On the talkchess forum IM Larry Kaufmann recently posted a position and comments regarding different engine evaluations of a position in which there is a material imbalance. After the moves: 1. d4 Nf6 2. c4 g6 3. Nc3 d5 4. Nf3 Bg7 5. Qb3 dxc4 6. Qxc4 O-O 7. e4 b6 8. e5 Be6 9. exf6 Bxc4 10. fxg7 Kxg7 11. Bxc4:
We have a position with 2B’s and a N for a Q and P. Kaufmann observes that the move 7...b6 is rarely played by Grandmasters because the position is considered favorable for White. As he points out, material is deemed even but White has all the positional pluses. He did an interesting experiment where he ran this position for 30 minutes on a quad and arrived at these assessments:Deep Rybka 4: +.53
Deep Shredder 12: +.88
Fritz 12: +.47
Hiarcs 13.1: +.48
Komodo 1.3: +.30
Naum 4: +1.05
Stockfish 2.0: +.20
Firebird 1.31: +.09
Rybka 2.3.2 a MP: +0.02
Robbolito .085g3: 0.00
Ivanhoe 47 and 49: 0.00
Houdini 1.5: -0.13
Critter 0.90: -0.17
He points out: “Rybka 2.3.2a MP got this quite wrong with a nearly zero score, and Robbolito, which is said to have come from decompiled Rybka 2.3.2a code, also makes the same mistake with a zero score. Of course the scores won't be identical as the searches are different. The engines acknowledged to come from Robbo have of course also a zero or near-zero score. Houdini and Critter actually go negative; it is hard to imagine that a program not starting with the Robbo values would make such a big error in evaluating this position. I don't know much about Critter so I don't mean to start a debate about its status, but this is certainly strange.

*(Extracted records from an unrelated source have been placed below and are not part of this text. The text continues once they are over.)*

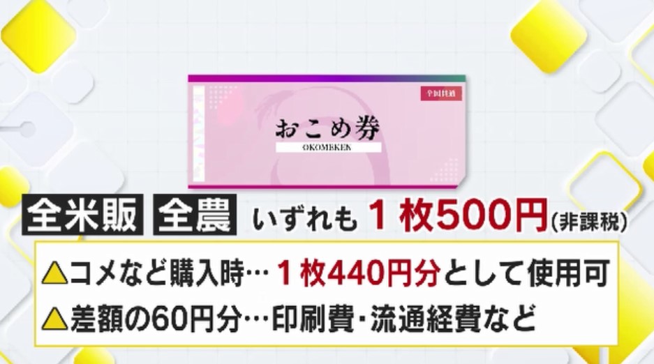 そもそも、おこめ券は全米販やJA全農が発行しているもので、1枚500円で購入した場合、経費として60円引かれ、440円分の米を購入できるというものです。
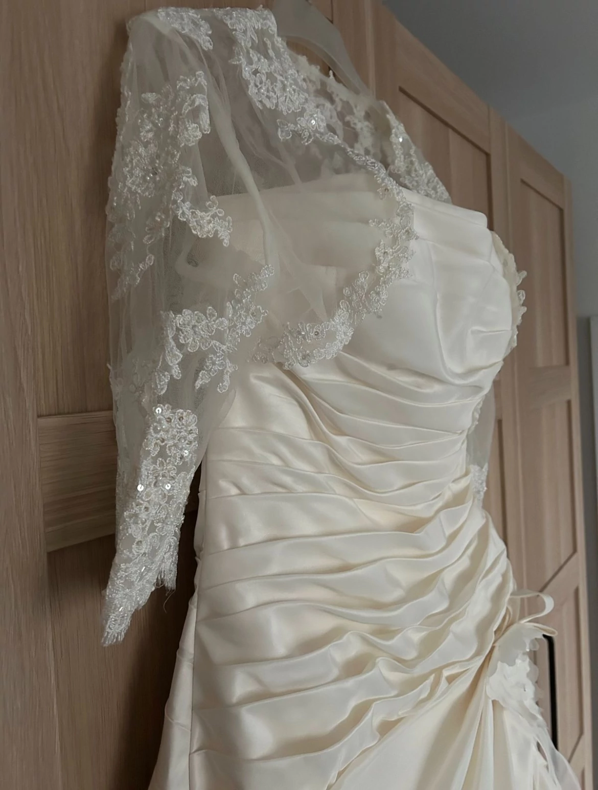 Der Tüll unter dem Kleid in Kombination mit der Schleppe verleiht der Braut dieses gewisse „Prinzessingefühl“ und ist mit dem dazugehörigem Spitzenschleier und Spitzenbolero ein perfektes Abbild einer wunderschönen Braut. "
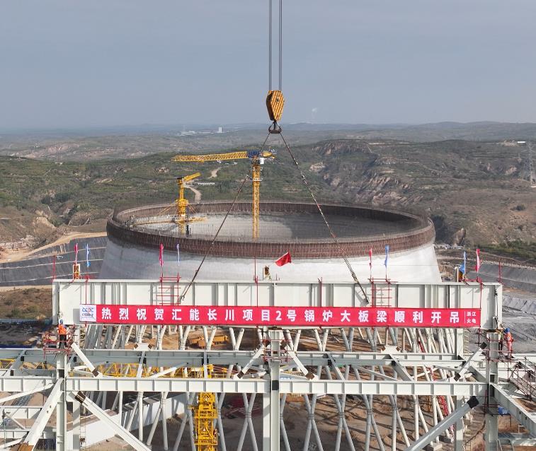 10月5日,中國能建浙江火電承建的內(nèi)蒙古匯能長川項(xiàng)目2號機(jī)組鍋爐大板梁吊裝就位。
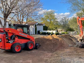 Skidsteer is used for moving and loading materials. It is also used for grading and breaking out concrete with a mounted jackhammer.
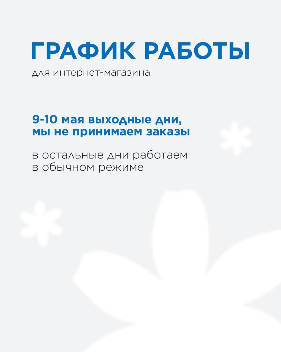 С 29 апреля по 11 мая у нас изменится график работы интернет-магазина и отгрузки для оптовых партнеров
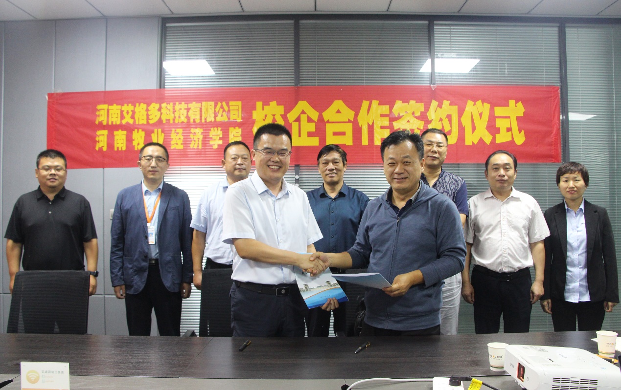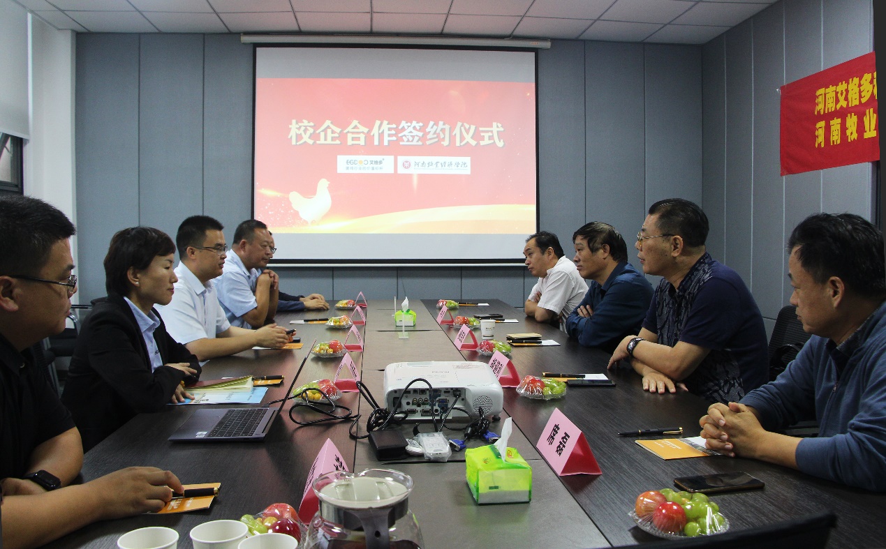 双方签署了校企合作协议书。河南艾格多科技有限公司是一家集饲料核心技术研究、人工智能设备开发、农牧管理软件开发、饲料生产与销售的全国性企业,着重于蛋鸡营养和养殖新技术的研究及实用技术推广,拥有15个发酵多矿发明专利,2个发酵中药发明专利,2个畜禽舍小环境智能控制实用新型专利和2个鸡场管理软件著作权等众多研究成果。
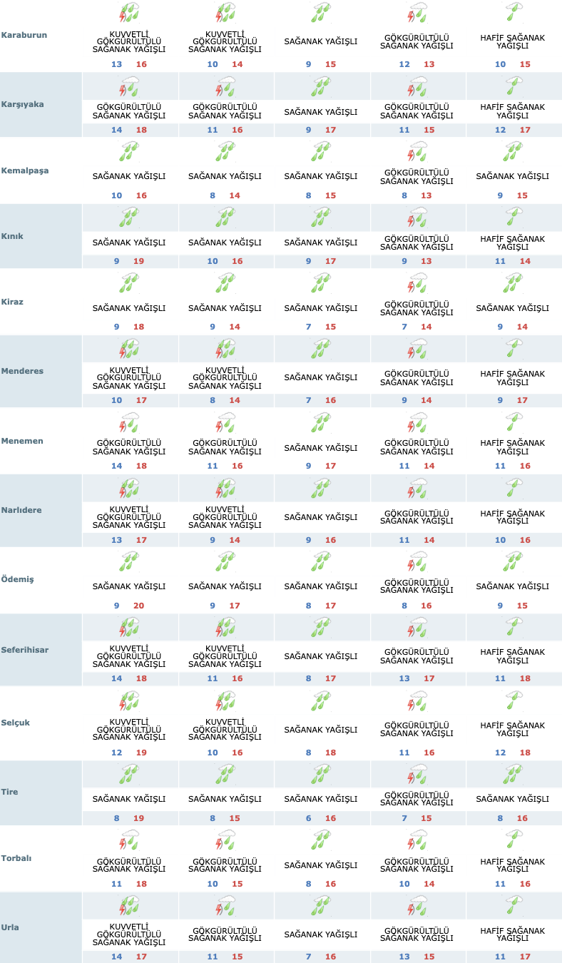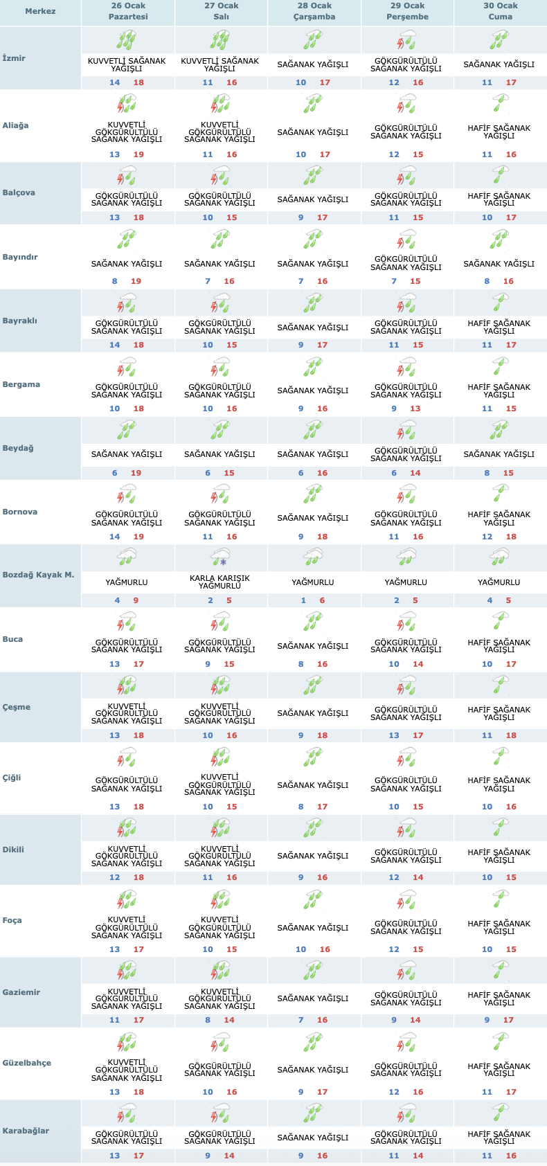 Meteoroloji verilerine göre İzmir merkez ve çevresinde pazartesi ve salı günleri 21–50 kilogram/metrekare aralığında kuvvetli sağanak ve gök gürültülü sağanak yağış bekleniyor. Çarşamba günü yağışların sağanak şeklinde süreceği, perşembe günü gök gürültüsünün yeniden etkili olacağı, cuma günü ise yağışların hafifleyeceği tahmin ediliyor. Sıcaklıkların gece 9–12, gündüz 15–18 derece arasında seyretmesi öngörülüyor.
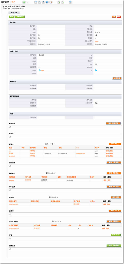 客戶基本信息、聯(lián)系記錄、應(yīng)收款、聯(lián)系人、日程、機(jī)會(huì)、客戶反饋、報(bào)價(jià)單、發(fā)貨單、合同訂單、營(yíng)銷活動(dòng)。從模塊的布局來(lái)看,還是動(dòng)了一番腦筋,其聯(lián)系記錄和應(yīng)收款在所有相關(guān)信息的最頂端;但是后面的模塊排列順序讓人費(fèi)解,像是沒(méi)有經(jīng)過(guò)縝密策劃,隨意放在一起的。

As for why Rybka 2.3.2a gets it wrong, all attempts to fix the undervaluation of minor pieces vs. major pieces tested poorly in Rybka, yet seem to test okay in unrelated engines. So any program that makes this same mistake is likely to either have copied Rybka values, or to be so similar to Rybka that testing produced the same anomalous result.”
CC GM Marjan Semrl states that a Master will begin his analysis by examining the position and its properties very carefully and will take into consideration the advice of the program, but he will also advise the program and force it to analyze the moves he thinks are best.
Once again, we see that you simply cannot rely on engine analysis to tell you what the best move in any given position is unless you are talking about a tactical situation. As I have pointed out in previous posts, this seems especially true in positions in which there is a material imbalance. What this means is don't place blind faith in an engine's numerical evaluation if the position is primarily one that requires positional judgment.
All that said, any engine move is likely to be better than the ones you and I select because most of us are't quite as good as GM's when it comes to positional judgment.